You've also kindly made my point for me, high speed digital design is a great use of SI, using it for everything all the time is not.
And you'd be wrong. Crosstalk can become an issue even in low-speed designs. The classic example is reset line which goes along some signal line with sharp edges, and in certain conditions enough of a signal can couple into reset line to trip the processor into reset. I've seen few boards which have this problem, and one of those was designed by no other than yours truly - that was back when I, just like you are now, thought that crosstalk is only a problem for high-speed lines. Well, I learnt that lesson the hard way
If you don't want to repeat my mistake (with literally weeks of debugging and banging my head against the wall before I was able to figure out what the problem was), I'd recommend you to pay attention to this problem. This is especially so if you use modern low-power low-Vcc devices, as the lower the interface voltage, the lower the gap is between logic zero and one, and less of a crosstalk is required to trip the circuit.

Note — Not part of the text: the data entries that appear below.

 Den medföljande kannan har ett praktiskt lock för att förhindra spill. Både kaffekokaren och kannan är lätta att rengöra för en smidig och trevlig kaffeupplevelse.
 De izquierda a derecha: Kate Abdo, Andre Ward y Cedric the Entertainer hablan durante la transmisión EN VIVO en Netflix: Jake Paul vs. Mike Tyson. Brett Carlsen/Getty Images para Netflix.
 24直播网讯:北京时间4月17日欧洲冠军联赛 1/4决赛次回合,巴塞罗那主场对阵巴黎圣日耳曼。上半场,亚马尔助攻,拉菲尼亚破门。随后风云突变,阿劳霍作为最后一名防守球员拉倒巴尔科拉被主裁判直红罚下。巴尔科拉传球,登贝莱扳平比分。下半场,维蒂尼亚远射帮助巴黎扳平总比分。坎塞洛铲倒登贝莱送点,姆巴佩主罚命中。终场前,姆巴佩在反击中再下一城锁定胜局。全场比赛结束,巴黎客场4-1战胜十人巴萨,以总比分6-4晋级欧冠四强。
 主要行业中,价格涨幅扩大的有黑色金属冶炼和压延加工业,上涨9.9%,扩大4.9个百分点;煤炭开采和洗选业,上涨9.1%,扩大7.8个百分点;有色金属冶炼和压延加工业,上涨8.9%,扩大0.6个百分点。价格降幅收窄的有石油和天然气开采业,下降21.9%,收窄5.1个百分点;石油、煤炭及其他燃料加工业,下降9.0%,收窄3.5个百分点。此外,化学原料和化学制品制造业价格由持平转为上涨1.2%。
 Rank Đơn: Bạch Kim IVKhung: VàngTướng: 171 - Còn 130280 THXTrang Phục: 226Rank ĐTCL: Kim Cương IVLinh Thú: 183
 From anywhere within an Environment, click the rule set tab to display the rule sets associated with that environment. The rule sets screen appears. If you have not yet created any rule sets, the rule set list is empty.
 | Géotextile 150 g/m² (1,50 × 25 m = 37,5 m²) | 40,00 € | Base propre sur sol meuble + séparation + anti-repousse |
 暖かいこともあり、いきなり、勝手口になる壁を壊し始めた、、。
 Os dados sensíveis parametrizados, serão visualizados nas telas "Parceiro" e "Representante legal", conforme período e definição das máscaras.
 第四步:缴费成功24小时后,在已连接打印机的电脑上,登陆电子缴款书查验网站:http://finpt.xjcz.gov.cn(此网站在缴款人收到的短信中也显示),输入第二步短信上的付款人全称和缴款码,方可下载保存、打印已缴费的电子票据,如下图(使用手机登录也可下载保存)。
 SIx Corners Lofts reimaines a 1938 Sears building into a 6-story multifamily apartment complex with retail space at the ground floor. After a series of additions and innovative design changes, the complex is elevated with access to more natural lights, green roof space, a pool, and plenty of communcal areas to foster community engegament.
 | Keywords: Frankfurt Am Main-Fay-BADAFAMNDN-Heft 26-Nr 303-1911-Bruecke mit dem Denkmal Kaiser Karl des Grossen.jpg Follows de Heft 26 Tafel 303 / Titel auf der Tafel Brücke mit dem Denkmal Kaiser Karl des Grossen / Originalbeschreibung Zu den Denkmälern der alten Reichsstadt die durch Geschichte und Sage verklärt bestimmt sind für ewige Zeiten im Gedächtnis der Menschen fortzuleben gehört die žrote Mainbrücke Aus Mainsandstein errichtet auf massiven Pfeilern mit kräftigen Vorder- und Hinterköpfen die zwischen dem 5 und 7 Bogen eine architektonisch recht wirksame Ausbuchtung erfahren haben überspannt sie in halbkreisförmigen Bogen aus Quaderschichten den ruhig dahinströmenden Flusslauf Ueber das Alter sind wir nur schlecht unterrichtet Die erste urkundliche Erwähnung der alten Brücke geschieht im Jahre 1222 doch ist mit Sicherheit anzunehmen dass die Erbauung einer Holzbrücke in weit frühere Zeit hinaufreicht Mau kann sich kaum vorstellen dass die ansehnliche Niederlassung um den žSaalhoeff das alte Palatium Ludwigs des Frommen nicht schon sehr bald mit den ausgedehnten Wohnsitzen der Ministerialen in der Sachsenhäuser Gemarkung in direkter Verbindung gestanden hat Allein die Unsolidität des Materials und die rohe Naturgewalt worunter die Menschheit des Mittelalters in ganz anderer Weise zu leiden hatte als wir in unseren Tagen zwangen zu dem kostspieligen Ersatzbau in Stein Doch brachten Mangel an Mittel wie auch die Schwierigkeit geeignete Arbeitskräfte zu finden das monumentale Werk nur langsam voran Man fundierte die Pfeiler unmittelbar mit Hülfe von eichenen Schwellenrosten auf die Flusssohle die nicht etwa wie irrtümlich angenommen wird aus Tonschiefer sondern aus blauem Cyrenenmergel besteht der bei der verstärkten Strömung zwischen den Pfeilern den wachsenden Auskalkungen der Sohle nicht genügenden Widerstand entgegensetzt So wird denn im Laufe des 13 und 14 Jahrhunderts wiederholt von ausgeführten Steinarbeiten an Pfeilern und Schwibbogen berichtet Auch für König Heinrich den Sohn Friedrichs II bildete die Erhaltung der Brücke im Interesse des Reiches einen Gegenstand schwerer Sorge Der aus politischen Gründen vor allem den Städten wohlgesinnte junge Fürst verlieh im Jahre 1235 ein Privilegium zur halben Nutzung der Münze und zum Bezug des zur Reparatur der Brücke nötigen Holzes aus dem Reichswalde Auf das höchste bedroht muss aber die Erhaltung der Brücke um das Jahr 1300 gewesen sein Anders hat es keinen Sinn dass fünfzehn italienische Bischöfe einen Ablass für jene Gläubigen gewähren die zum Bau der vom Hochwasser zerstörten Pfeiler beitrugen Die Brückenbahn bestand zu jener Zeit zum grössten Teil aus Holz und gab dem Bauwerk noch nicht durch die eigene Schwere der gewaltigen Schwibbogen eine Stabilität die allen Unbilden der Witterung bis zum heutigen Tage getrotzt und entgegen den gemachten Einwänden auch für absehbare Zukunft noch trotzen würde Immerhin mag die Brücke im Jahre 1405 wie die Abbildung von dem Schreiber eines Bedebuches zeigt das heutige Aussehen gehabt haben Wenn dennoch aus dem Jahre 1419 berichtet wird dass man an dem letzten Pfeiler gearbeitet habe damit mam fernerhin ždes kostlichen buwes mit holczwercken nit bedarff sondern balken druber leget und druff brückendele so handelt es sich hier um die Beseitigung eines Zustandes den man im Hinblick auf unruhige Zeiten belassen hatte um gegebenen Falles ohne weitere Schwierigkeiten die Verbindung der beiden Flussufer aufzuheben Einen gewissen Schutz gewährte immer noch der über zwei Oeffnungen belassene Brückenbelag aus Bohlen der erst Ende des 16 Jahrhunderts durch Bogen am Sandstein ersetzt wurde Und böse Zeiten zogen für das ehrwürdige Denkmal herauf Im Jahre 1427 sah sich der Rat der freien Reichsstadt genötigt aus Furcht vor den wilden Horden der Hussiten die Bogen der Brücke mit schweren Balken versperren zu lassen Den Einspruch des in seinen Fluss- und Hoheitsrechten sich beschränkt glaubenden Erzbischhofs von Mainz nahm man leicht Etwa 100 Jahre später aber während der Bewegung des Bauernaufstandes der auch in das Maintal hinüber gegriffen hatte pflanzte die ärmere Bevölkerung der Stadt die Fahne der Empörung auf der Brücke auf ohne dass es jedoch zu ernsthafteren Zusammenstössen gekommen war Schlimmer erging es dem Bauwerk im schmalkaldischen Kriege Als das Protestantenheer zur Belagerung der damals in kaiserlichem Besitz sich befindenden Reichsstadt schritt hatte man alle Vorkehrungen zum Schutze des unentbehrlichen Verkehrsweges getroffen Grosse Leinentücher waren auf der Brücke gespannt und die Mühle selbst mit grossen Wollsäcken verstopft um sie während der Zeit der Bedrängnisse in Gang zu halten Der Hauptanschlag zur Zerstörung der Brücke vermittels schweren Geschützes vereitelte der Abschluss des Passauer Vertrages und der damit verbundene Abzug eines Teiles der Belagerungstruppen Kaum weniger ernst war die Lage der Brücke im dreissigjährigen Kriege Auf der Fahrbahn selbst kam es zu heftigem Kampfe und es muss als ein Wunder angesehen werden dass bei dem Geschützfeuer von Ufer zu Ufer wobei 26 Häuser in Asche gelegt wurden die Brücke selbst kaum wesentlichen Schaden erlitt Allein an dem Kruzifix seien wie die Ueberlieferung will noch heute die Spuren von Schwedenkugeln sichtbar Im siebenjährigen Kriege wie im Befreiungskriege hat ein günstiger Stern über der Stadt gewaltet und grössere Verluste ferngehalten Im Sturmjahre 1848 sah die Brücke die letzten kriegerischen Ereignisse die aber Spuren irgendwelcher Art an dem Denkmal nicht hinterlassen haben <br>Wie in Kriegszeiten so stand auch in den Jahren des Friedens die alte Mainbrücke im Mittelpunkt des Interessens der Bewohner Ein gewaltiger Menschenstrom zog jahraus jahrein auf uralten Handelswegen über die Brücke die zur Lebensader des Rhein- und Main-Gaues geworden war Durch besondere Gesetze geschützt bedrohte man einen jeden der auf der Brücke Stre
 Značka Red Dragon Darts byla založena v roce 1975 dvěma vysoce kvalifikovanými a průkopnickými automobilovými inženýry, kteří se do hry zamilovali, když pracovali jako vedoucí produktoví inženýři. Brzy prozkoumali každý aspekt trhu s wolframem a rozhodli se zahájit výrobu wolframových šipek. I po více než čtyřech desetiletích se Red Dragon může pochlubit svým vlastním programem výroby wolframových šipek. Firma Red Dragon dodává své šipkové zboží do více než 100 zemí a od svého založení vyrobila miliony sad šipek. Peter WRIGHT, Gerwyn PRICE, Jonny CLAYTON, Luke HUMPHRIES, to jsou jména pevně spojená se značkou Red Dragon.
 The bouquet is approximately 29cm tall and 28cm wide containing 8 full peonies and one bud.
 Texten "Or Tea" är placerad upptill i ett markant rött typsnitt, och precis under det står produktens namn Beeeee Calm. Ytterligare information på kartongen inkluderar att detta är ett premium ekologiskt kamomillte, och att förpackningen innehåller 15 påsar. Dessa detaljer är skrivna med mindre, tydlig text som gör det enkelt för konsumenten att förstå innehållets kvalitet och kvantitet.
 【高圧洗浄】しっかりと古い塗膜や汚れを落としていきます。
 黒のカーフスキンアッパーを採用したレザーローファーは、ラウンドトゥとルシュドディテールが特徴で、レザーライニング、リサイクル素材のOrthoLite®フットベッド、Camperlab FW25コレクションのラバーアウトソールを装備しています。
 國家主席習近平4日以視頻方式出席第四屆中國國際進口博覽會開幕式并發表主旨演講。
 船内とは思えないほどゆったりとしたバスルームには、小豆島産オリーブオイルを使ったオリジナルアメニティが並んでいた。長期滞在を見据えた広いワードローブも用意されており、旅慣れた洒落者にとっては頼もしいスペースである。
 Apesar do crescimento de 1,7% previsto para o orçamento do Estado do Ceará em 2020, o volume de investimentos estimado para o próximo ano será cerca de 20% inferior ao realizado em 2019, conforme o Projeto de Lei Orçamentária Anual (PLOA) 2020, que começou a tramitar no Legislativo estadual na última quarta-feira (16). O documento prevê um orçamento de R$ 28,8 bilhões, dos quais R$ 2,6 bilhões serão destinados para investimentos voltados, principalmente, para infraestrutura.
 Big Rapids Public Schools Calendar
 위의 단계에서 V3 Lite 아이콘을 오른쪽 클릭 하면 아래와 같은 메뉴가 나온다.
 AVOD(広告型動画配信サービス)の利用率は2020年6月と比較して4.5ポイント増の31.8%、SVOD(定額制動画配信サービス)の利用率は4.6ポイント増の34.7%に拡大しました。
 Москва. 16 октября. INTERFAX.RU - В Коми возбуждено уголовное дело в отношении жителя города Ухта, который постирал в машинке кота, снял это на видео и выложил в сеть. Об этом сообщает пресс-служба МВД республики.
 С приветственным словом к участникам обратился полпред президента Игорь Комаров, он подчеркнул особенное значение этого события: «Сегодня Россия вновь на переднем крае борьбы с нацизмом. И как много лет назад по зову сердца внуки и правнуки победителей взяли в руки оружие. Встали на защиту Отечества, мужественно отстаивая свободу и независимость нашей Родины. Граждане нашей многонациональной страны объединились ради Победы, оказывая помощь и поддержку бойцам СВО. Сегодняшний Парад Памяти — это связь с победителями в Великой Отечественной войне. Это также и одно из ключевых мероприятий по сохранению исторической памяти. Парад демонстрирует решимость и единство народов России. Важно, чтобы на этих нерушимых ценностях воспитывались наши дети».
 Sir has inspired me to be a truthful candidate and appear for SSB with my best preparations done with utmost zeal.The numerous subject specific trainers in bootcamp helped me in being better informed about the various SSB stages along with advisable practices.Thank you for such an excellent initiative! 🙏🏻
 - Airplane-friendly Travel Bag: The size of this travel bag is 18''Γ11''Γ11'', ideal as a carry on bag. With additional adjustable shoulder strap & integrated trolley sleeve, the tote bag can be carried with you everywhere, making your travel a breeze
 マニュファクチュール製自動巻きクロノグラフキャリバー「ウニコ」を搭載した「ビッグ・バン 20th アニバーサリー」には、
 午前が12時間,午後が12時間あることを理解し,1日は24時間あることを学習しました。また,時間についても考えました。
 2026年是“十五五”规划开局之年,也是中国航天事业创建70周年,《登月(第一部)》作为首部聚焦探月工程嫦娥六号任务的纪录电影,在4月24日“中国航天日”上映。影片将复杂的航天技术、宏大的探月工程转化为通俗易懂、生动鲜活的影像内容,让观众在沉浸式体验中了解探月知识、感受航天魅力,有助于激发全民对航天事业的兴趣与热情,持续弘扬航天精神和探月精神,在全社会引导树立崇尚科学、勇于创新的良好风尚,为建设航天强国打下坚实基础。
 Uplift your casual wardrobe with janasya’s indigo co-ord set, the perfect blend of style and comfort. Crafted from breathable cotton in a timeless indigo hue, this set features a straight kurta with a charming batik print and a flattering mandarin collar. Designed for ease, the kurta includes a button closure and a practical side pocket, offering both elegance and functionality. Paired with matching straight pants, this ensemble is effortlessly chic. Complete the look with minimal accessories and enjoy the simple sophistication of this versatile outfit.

You can actually calculate crosstalk using free Saturn PCB Toolkit - play around with it, and you will see it doesn't take that much to cause problems, as modern chips have very sharp edges, even cheap STM32F4 MCUs can output signals with rise time of only 2.5 ns, more advanced MCUs and pretty much all FPGAs can reach sub-nanosecond rise times.
Just for reference, at 3.3 V Vccio and typical 1.6 mm two layer FR4 PCB (Er=4.6), for 1 ns rise time signal it takes less than 10 mm of coupled length at 0.25 mm apart to have 3.2 V crosstalk spike in adjacent trace, for 2 ns the coupled length is 15 mm for the same spike, for 5 ns rise (which AFAIR even atmega328p can reach) you need about 40 mm of coupled length. As you can see, it doesn't take all that much to cause issues which are going to be *extremely* hard to debug because presence of debug probe and even your hand will change the behavior (because it will change load capacitance of the trace).